THE DATA:
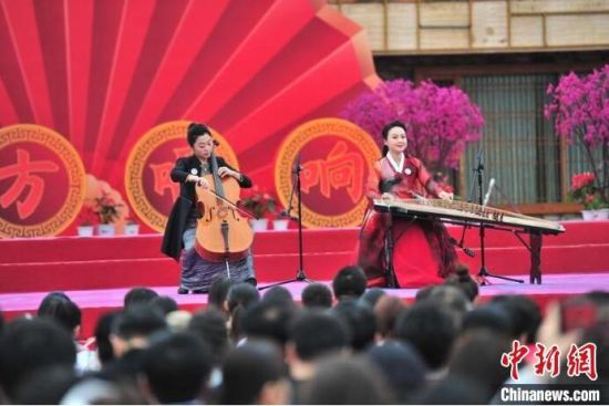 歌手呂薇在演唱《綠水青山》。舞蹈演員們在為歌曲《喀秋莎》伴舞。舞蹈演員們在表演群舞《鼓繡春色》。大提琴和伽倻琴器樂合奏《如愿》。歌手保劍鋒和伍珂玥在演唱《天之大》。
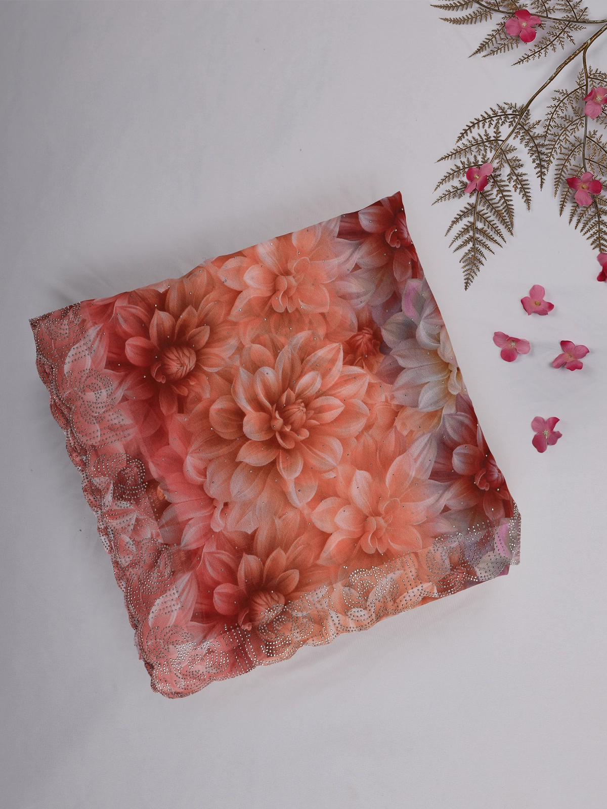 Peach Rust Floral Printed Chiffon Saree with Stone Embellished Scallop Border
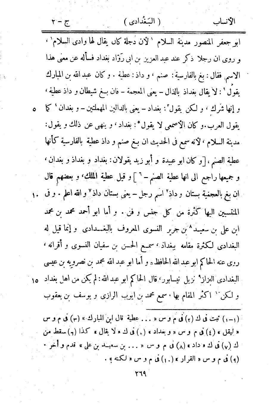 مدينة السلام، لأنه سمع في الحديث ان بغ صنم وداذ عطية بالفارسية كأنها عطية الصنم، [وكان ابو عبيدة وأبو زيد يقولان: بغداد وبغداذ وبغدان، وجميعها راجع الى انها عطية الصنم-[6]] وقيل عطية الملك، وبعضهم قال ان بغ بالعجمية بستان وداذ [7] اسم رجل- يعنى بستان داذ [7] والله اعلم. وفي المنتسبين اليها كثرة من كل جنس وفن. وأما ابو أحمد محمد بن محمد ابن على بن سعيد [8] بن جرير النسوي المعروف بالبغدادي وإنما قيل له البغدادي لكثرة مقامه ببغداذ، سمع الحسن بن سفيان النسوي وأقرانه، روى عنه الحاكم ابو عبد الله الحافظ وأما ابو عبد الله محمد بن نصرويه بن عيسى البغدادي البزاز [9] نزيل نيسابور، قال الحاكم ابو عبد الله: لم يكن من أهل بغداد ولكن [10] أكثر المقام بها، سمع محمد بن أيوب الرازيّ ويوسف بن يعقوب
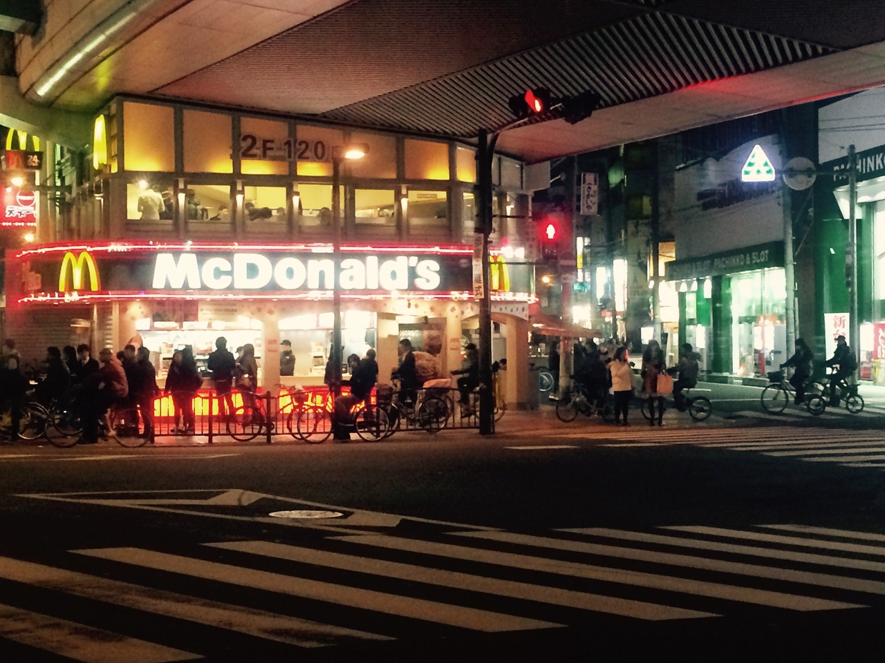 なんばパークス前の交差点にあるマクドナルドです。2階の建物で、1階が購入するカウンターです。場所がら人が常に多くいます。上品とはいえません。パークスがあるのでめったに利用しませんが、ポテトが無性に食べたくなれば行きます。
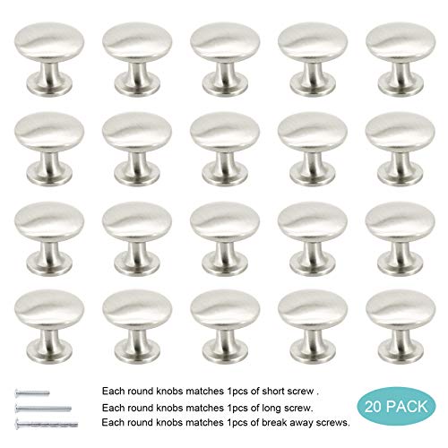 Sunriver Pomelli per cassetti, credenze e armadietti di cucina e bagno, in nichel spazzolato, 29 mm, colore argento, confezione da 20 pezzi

AIM OF THE TASK:
Give back, word for word, the lines from the one with "なんばパークス前の交差点にあ" to the end of the records above, and no pictures.

TASK RESPONSE:
 なんばパークス前の交差点にあるマクドナルドです。2階の建物で、1階が購入するカウンターです。場所がら人が常に多くいます。上品とはいえません。パークスがあるのでめったに利用しませんが、ポテトが無性に食べたくなれば行きます。
 Sunriver Pomelli per cassetti, credenze e armadietti di cucina e bagno, in nichel spazzolato, 29 mm, colore argento, confezione da 20 pezzi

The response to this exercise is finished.